Problem to solve = Please repeat each line from the one holding "भरतक्षेत्रके महारामर्थ आचार्य" through the final line of the data, exactly as it stands, with no pictures.

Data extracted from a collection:
--------------------------------------------------
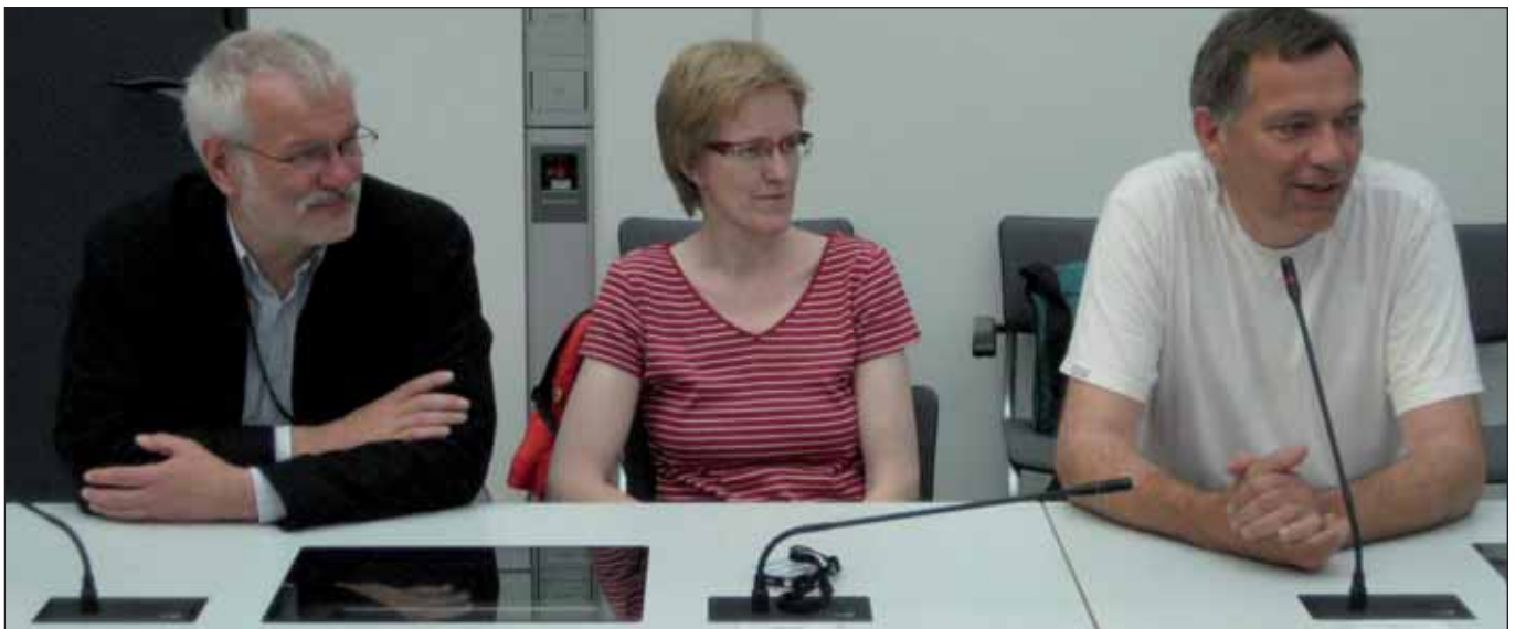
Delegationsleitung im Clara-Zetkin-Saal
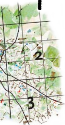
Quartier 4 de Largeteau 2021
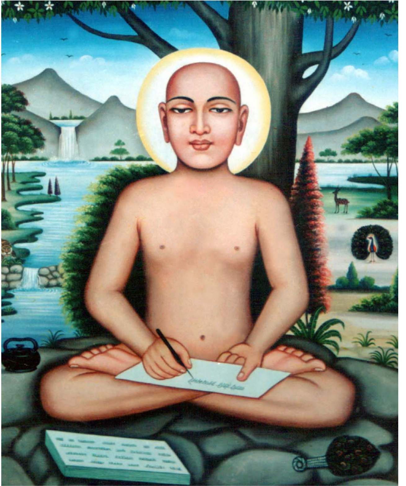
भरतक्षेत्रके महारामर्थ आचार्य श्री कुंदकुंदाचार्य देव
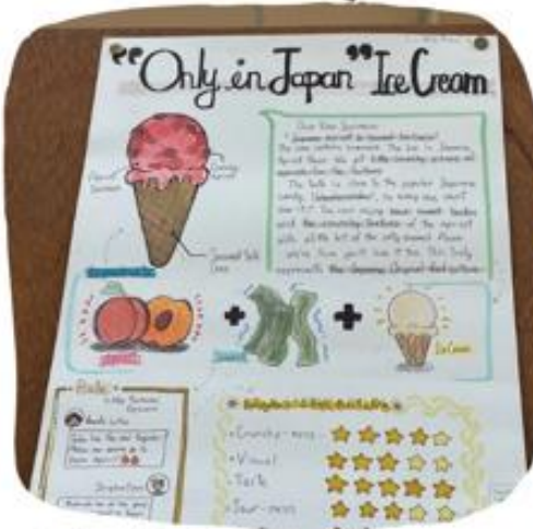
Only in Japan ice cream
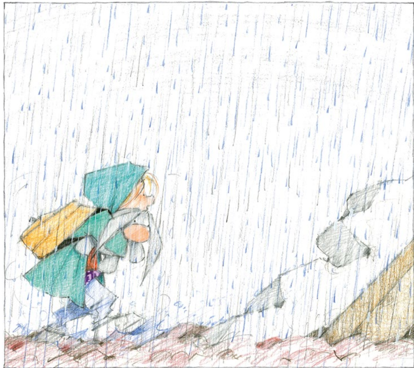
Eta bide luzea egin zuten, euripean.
--------------------------------------------------
Response =
भरतक्षेत्रके महारामर्थ आचार्य श्री कुंदकुंदाचार्य देव
Only in Japan ice cream
Eta bide luzea egin zuten, euripean.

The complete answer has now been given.